A case control study was undertaken in the Department of Skin, Sexually Transmitted Diseases and Leprosy in collaboration with the Department of Biochemistry, Government Medical College Amritsar, India after approval by the institutional ethical committee. The study was conducted over a period of 2 years. Written informed consent was obtained from each individual selected in the study in her/his vernacular language. On the basis of the previous studies, effective size was calculated for comparing serum MDA, SOD, and zinc levels among cases and controls. Taking alpha error as 0.05, power required 80% sample size, estimated to be around 56 in each group. So we took 60 subjects in each group. Group A (cases) consisted of 60 clinically and histologically diagnosed cases of vitiligo. Group B (controls) had 60 healthy individuals, and without any present or past history of vitiligo they were selected as controls. The subjects with past or present history of any disease, which may affect oxidative stress (like atherosclerosis, coronary artery disease, diabetes mellitus, and smoking), were excluded from the study.

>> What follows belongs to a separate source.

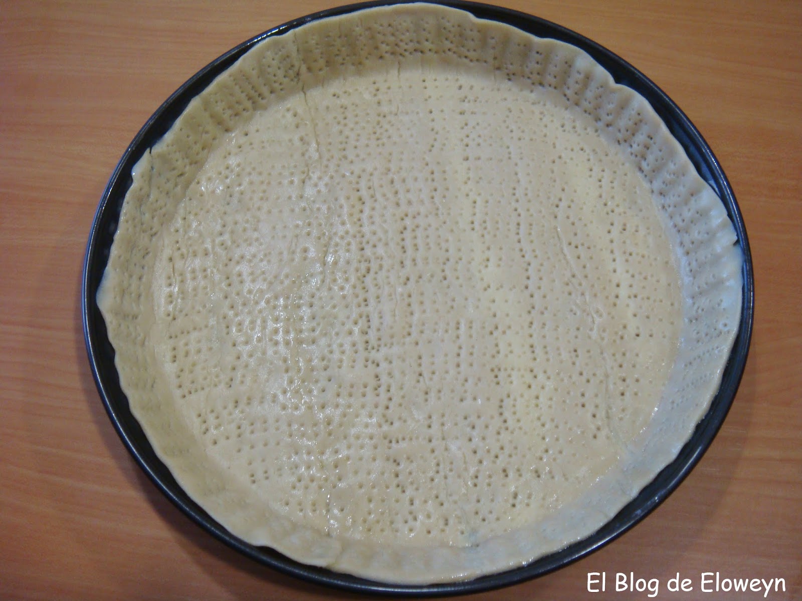 A continuación, pinchar con un tenedor toda la masa brisa. También los bordes.

From vitiligo patients and controls, 2 ml of venous blood was withdrawn in a sterile syringe under aseptic conditions by vein puncture, and collected in sterile vial for biochemical analysis. The blood was allowed to stand for half an hour. After the clot formation, the blood sample was centrifuged at 3000 rpm for 10 min and serum thus obtained was analyzed.

Serum MDA was estimated by using the method of Satoh:[10] 1 ml of serum was added to 2 ml of Trichloroacetic acid- Thiobarbituric acid- Hydrochloric acid reagent, mixed and incubated for 15 min in boiling water bath. After cooling, flocculent precipitates were sedimented by centrifugation at 3000 rpm for 10 min. Absorbance of supernatant was measured at 535 nm against the blank.

Serum SOD was analyzed by using the method of Marklund and Marklund modified by Nandi and Chatterjee:[11],[12] For sample: To 2.8 ml of Tris buffer, 0.1 ml of serum was added and mixed. The reaction was started by adding 0.1 ml of adjusted pyrogallol solution (as per control). Reading was taken at 420 nm exactly after 1 min 30 s (B1) and at 3 min 30 s (B2). The absorbance per 2 min (δB) was recorded. For control: 0.1 ml of pyrogallol was added to 2.9 ml of Tris buffer. Calculations were done to estimate serum levels of SOD in U/ml. Serum zinc levels were estimated by standardized kit method Nitro-PAPS.

To prevent selection bias, randomization of cases and blinding of investigators were done. Randomization was done by selecting every 5th, 10th, 15th, 20th, and so on vitiligo patient attending the vitiligo clinic.

Blinding was done as explained below:

Investigator 1 collected blood samples and gave each sample a specific code. Investigator 2, unaware whether the samples given to him were that of cases or of controls, conducted biochemical investigations and handed over the results to investigator 1, who using the specific codes segregated the results of cases and controls.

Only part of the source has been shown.